**EXERCISE INSTRUCTIONS:** Omit all images, then repeat exactly the lines below from the one containing "- 4 Packing" through the one containing "Panneau de signalisation", both ends included.

**DATA EXCERPTS:**
>>>>
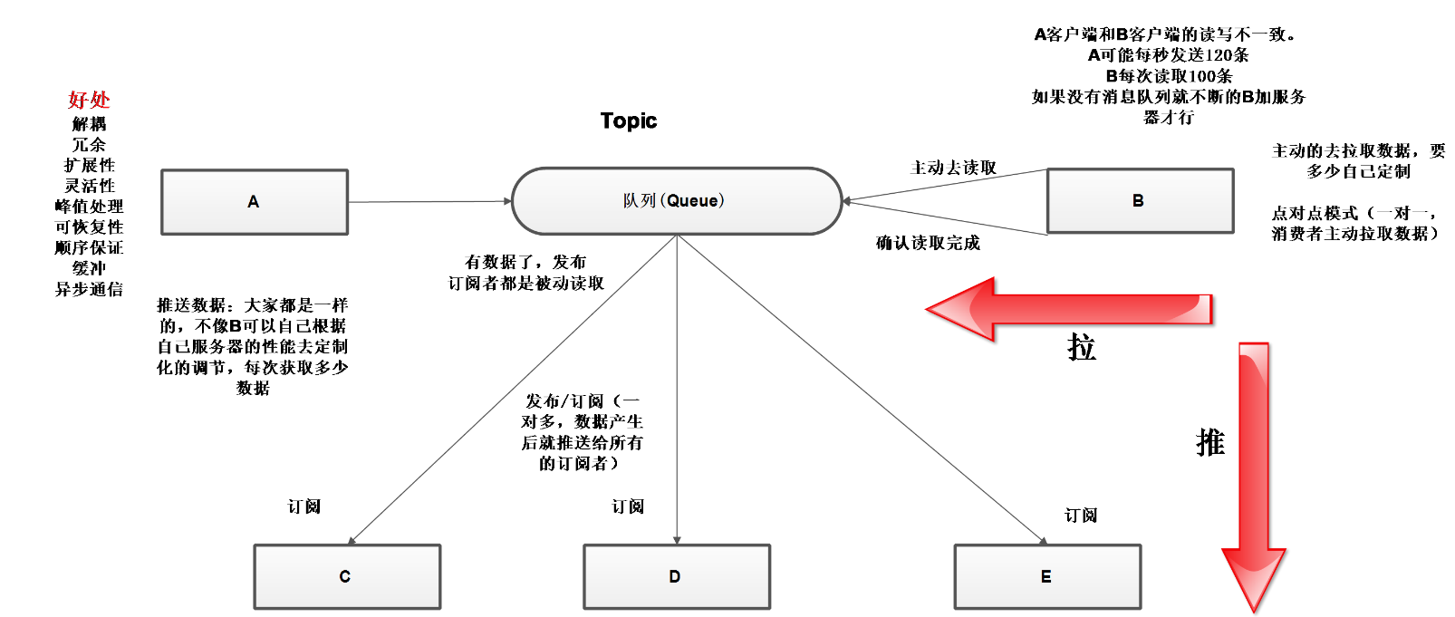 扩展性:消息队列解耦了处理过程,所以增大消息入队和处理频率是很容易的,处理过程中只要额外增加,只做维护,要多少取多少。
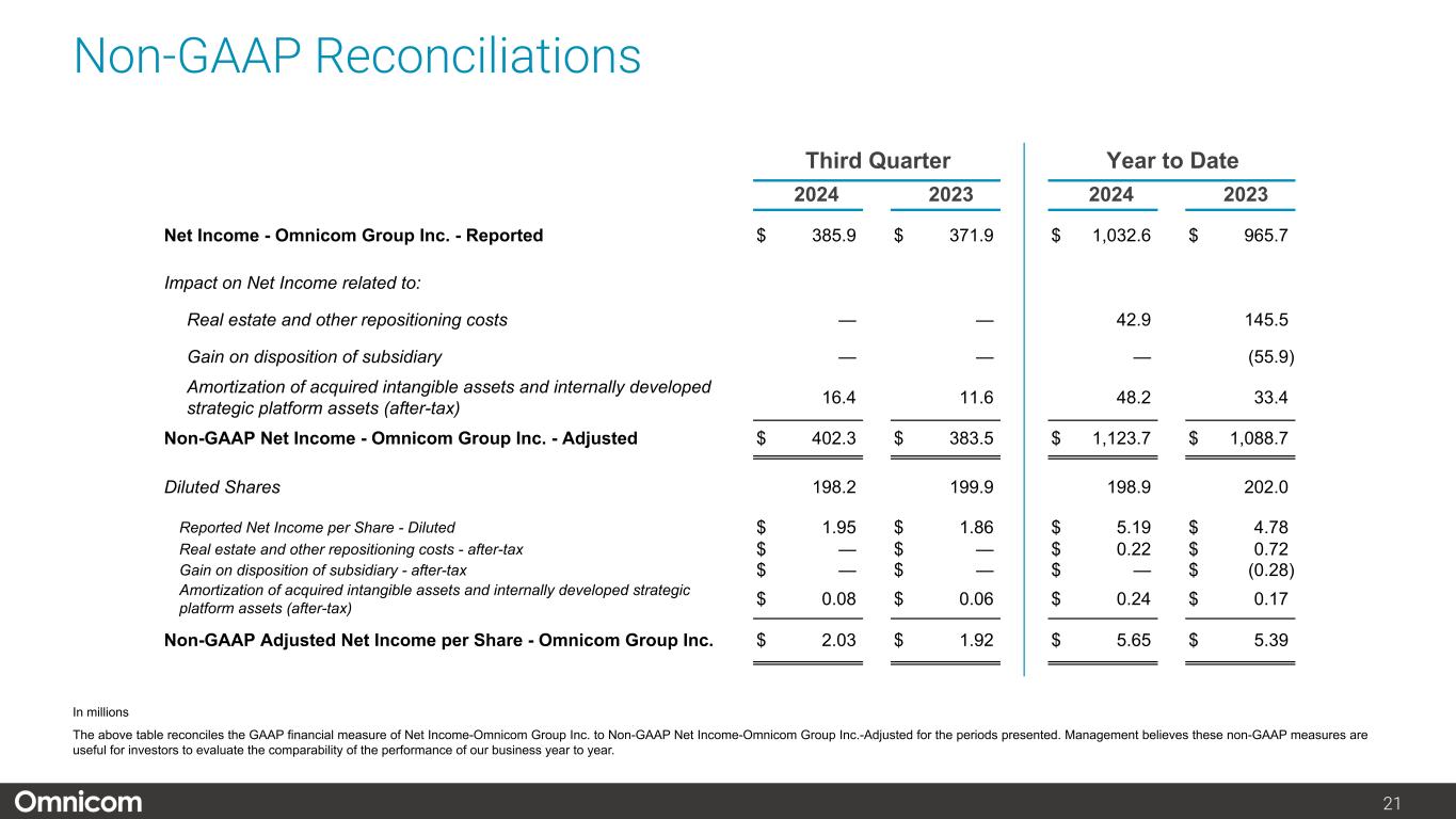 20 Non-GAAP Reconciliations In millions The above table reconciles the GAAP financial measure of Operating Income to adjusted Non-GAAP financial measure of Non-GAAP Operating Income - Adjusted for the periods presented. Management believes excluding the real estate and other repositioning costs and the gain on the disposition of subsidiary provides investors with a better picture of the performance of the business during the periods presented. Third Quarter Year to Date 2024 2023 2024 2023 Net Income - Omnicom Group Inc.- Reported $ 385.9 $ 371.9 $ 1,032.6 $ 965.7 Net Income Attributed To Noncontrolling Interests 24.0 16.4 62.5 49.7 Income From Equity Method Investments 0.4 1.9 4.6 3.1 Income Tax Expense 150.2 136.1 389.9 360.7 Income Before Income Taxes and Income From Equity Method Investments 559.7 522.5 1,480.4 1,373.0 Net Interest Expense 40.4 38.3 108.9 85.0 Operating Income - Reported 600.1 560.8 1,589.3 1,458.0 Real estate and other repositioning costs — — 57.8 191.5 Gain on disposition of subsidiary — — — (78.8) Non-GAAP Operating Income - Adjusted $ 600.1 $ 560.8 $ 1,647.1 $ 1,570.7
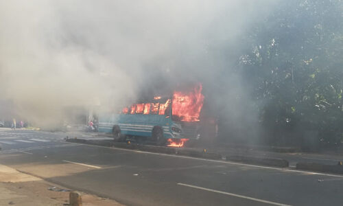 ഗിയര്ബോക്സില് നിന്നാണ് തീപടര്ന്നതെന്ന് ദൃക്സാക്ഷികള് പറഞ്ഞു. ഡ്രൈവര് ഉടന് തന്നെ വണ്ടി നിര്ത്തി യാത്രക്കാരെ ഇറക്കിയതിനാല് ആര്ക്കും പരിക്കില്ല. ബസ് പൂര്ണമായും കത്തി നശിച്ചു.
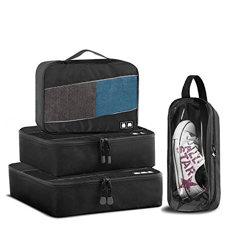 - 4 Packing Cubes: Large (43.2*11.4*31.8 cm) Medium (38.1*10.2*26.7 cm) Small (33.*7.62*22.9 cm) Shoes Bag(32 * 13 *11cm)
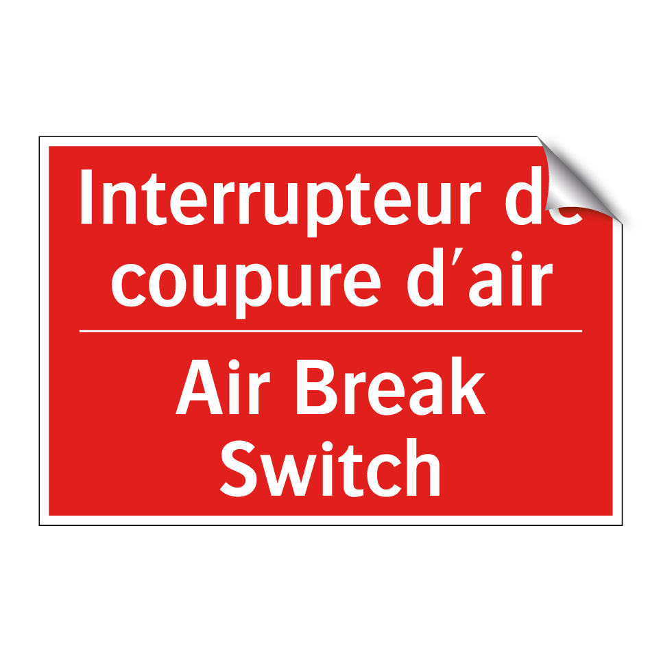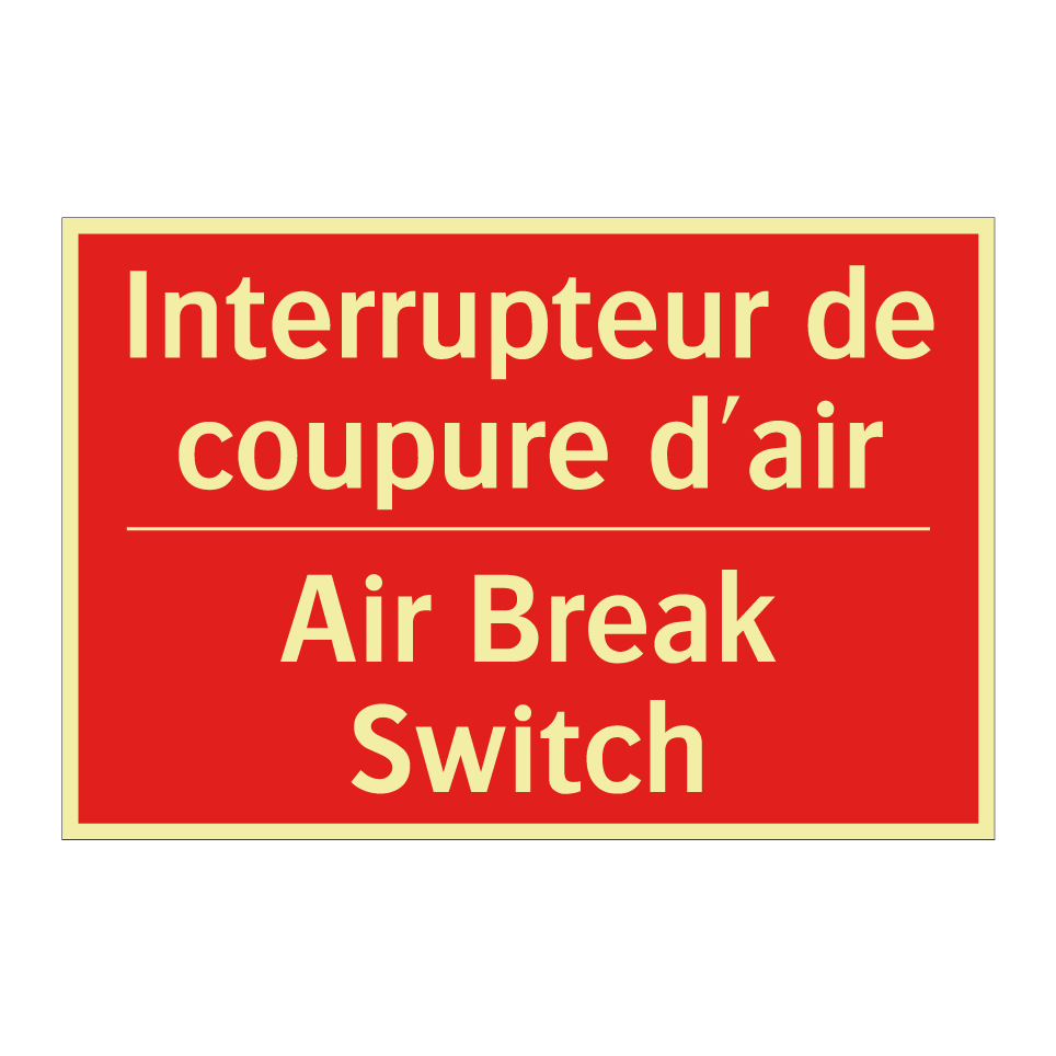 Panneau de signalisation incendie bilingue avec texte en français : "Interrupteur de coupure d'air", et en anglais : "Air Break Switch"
<<<<
>>>>
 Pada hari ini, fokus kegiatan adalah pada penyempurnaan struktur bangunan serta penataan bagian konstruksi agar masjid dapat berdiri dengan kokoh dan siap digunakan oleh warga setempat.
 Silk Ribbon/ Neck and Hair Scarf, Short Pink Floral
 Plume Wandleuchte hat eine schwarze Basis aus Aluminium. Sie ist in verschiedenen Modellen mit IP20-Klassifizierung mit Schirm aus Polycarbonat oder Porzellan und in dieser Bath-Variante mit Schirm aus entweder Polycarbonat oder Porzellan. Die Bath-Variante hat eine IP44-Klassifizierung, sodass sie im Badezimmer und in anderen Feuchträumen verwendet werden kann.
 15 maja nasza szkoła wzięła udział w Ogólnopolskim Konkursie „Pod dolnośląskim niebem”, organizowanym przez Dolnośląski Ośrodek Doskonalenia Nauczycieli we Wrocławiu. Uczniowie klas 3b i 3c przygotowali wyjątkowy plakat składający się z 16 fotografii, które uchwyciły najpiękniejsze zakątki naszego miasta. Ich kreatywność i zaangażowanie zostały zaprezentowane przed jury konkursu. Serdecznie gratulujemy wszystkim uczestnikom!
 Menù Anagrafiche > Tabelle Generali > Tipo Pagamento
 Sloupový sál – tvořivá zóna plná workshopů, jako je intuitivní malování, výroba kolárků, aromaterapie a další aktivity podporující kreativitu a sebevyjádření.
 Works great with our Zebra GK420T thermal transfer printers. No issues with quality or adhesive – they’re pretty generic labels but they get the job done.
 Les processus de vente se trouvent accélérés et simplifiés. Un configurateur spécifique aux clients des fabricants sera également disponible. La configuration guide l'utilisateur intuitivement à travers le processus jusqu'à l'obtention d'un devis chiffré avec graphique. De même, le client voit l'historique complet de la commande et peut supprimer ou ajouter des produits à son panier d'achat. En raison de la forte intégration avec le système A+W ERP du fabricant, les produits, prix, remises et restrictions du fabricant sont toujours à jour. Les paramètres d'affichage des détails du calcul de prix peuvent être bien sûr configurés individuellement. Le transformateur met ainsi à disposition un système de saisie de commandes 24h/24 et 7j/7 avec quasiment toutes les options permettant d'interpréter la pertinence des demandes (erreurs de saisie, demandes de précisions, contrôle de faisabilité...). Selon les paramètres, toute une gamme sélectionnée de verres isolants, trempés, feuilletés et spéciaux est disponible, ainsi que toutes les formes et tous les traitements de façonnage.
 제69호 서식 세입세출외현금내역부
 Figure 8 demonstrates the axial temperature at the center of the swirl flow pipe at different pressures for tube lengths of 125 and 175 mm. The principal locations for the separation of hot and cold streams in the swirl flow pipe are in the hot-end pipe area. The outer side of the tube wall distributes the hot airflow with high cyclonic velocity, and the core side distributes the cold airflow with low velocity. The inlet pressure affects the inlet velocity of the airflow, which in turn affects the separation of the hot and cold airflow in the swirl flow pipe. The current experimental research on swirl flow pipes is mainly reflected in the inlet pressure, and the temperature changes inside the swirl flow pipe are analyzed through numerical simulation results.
<<<<
**ANSWER SECTION:**
 - 4 Packing Cubes: Large (43.2*11.4*31.8 cm) Medium (38.1*10.2*26.7 cm) Small (33.*7.62*22.9 cm) Shoes Bag(32 * 13 *11cm)
 Panneau de signalisation incendie bilingue avec texte en français : "Interrupteur de coupure d'air", et en anglais : "Air Break Switch"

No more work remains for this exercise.